# HOW TO COMPLETE THIS TASK
None of the images should appear in your copy. Transcribe the data in full.

[Opening PROVIDED MATERIAL section]

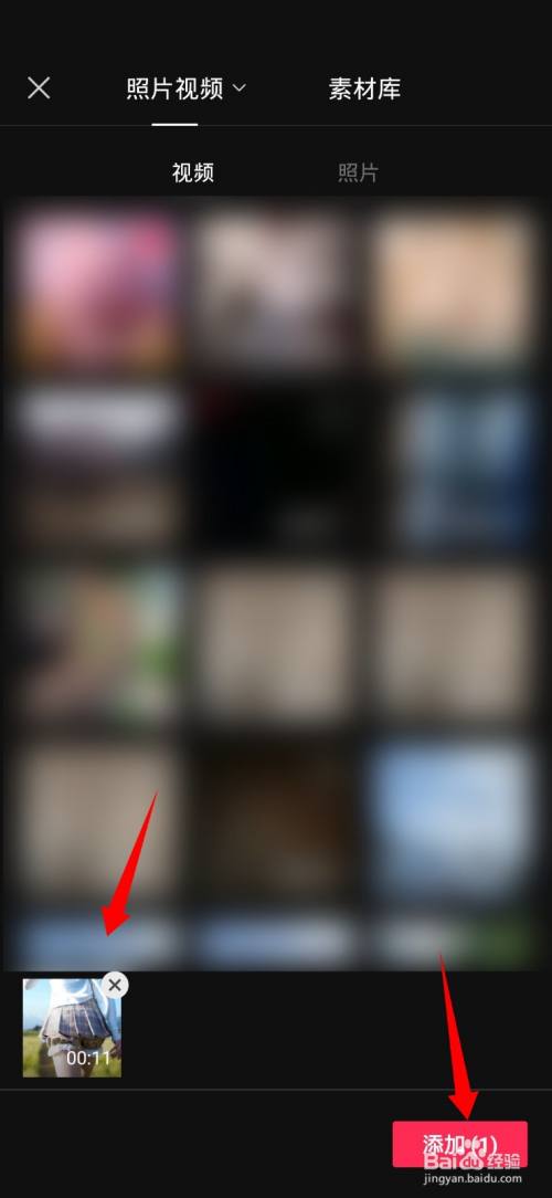 选中视频素材,点击添加。
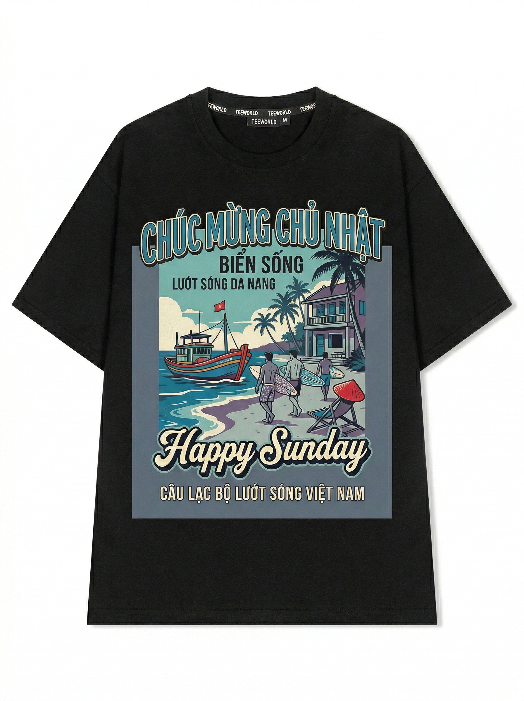 Coastal Drift - Thiết kế độc quyền từ Happy Sunday. Chất liệu: Cotton Premium 250gsm, form oversize thoải mái. In ấn: Công nghệ in sắc nét, bền màu sau nhiều lần giặt. Phong cách: Đồ họa nghệ thuật, nổi bật.
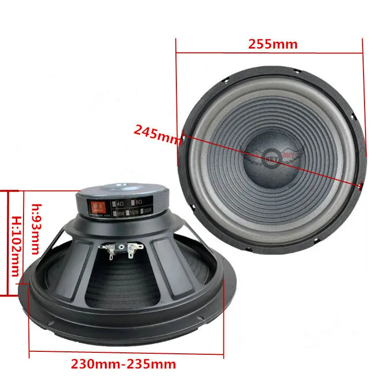10-дюймовый динамик 8 Ом, 255 мм, резьбовой конус для бумажной раковины, 600 Вт, с поролоновым краем, квадратный танцы, KTV, семейный строковый динамик, низкочастотный динамик
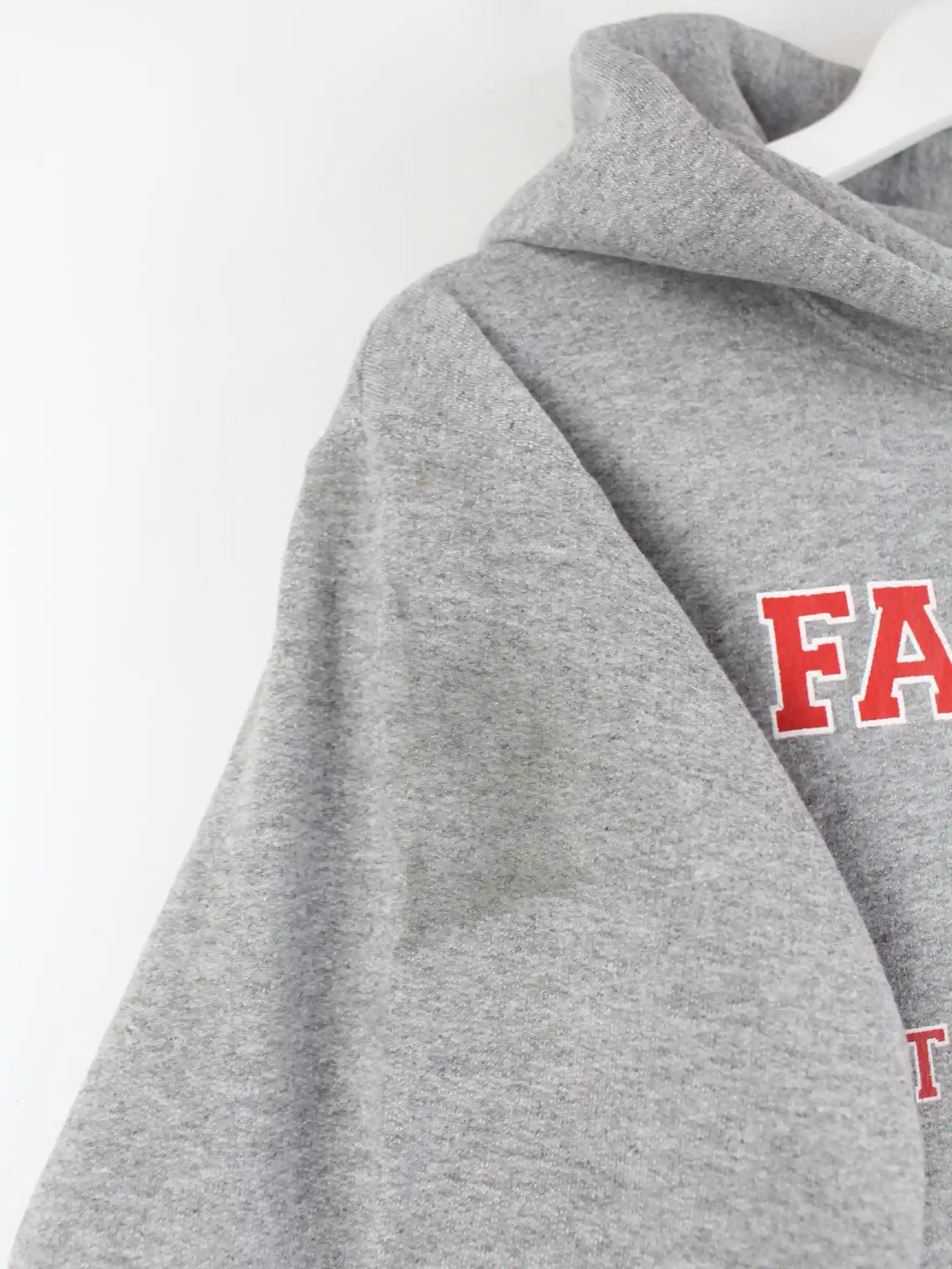 Hoodie aus dem Hause Jerzees in Größe S. Er ist aus einer Baumwollmischung und in Grau bei uns zu bekommen. Mit schickem University Print.

[Closing PROVIDED MATERIAL section]

# RESPONSE BOX
 选中视频素材,点击添加。
 Coastal Drift - Thiết kế độc quyền từ Happy Sunday. Chất liệu: Cotton Premium 250gsm, form oversize thoải mái. In ấn: Công nghệ in sắc nét, bền màu sau nhiều lần giặt. Phong cách: Đồ họa nghệ thuật, nổi bật.
10-дюймовый динамик 8 Ом, 255 мм, резьбовой конус для бумажной раковины, 600 Вт, с поролоновым краем, квадратный танцы, KTV, семейный строковый динамик, низкочастотный динамик
 Hoodie aus dem Hause Jerzees in Größe S. Er ist aus einer Baumwollmischung und in Grau bei uns zu bekommen. Mit schickem University Print.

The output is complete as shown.